Семьи Леонарда и Морта были схожи не только социальным положением. Оба они росли без отца (отец Леонарда рано умер, отец Морта часто отсутствовал), и у обоих матери не вписывались в стандарты уэстмаунтской еврейской общины 40-х годов. Мать Морта родилась в семье рабочих и считала себя современной женщиной. Мать Леонарда иммигрировала из России и была значительно моложе своего покойного мужа. Машиного акцента и бурного темперамента было, может быть, и недостаточно, чтобы обособить её от других женщин этого маленького сообщества, но ведь вдобавок она была привлекательной, всегда вызывающе нарядной молодой вдовой. Впрочем, по-настоящему близкими друзьями Леонард и Морт стали четыре года спустя, когда стали ходить в одну школу.
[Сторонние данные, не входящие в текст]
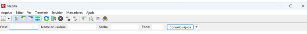 Para conectar o seu site usando esse mecanismo basta inserir os seus dados na barra que fica no topo da interface do FileZilla e clicar no botão Conexão rápida.

Средняя школа Уэстмаунт-Хай выглядела так, словно однажды сбежала в Канаду из Кембриджа ночным рейсом, устав веками формировать умы вышколенных английских мальчиков. Это было окружённое роскошными лужайками массивное здание из серого камня, украшенное гербом с девизом на латыни: Dux Vitae Ratio (Разум – предводитель жизни). На самом деле заведение было сравнительно новое: эту протестантскую школу основали в 1873 году, и сначала она занимала гораздо более скромное здание; впрочем, это всё равно была одна из старейших английских школ Квебека. Когда Леонард посещал её, евреи составляли между четвертью и третью всех учеников. В Уэстмаунт-Хай царил дух то ли терпимости, то ли безразличия: евреи и протестанты общались между собой и ходили друг к другу на вечеринки. «На еврейские праздники мы отдыхали, а на христианские веселились, – говорит Рона Фельдман, одноклассница Леонарда. – Многие из нас пели в хоре и играли в рождественских спектаклях». Няня Леонарда, водившая его в школу каждое утро (и неважно, что, как отмечает Морт Розенгартен, «им надо было пройти всего один квартал; в семье у Леонарда было принято делать всё как полагается»), была католичкой и раньше брала его с собой в церковь. «Я люблю Иисуса, – говорил Леонард. – Всегда любил, даже ребёнком». И прибавлял: «Я держал это при себе; я не хотел встать в шуле и заявить: Я люблю Иисуса» [6].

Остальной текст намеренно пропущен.